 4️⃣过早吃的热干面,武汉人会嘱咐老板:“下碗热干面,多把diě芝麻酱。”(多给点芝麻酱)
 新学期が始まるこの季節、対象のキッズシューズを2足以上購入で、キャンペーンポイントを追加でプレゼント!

------------------------------------------------

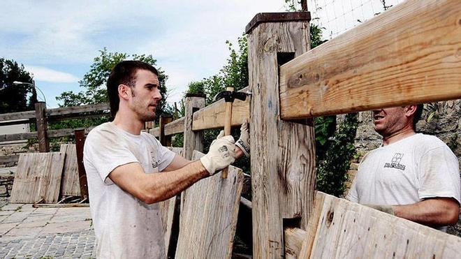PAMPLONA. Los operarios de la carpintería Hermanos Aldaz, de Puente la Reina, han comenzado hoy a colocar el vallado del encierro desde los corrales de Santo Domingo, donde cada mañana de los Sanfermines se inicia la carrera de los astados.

------------------------------------------------

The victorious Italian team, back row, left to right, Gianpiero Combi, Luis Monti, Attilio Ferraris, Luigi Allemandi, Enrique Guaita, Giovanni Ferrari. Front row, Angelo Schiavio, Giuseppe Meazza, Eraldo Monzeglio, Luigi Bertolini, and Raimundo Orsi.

------------------------------------------------

## [TASK]
Of all the entries above, repeat only the lines from the line that has "4️⃣过早吃的热干面,武汉人" to the line that has "新学期が始まるこの季節、対象", both lines included, exactly.

## [EXERCISE ANSWER]
 4️⃣过早吃的热干面,武汉人会嘱咐老板:“下碗热干面,多把diě芝麻酱。”(多给点芝麻酱)
 新学期が始まるこの季節、対象のキッズシューズを2足以上購入で、キャンペーンポイントを追加でプレゼント!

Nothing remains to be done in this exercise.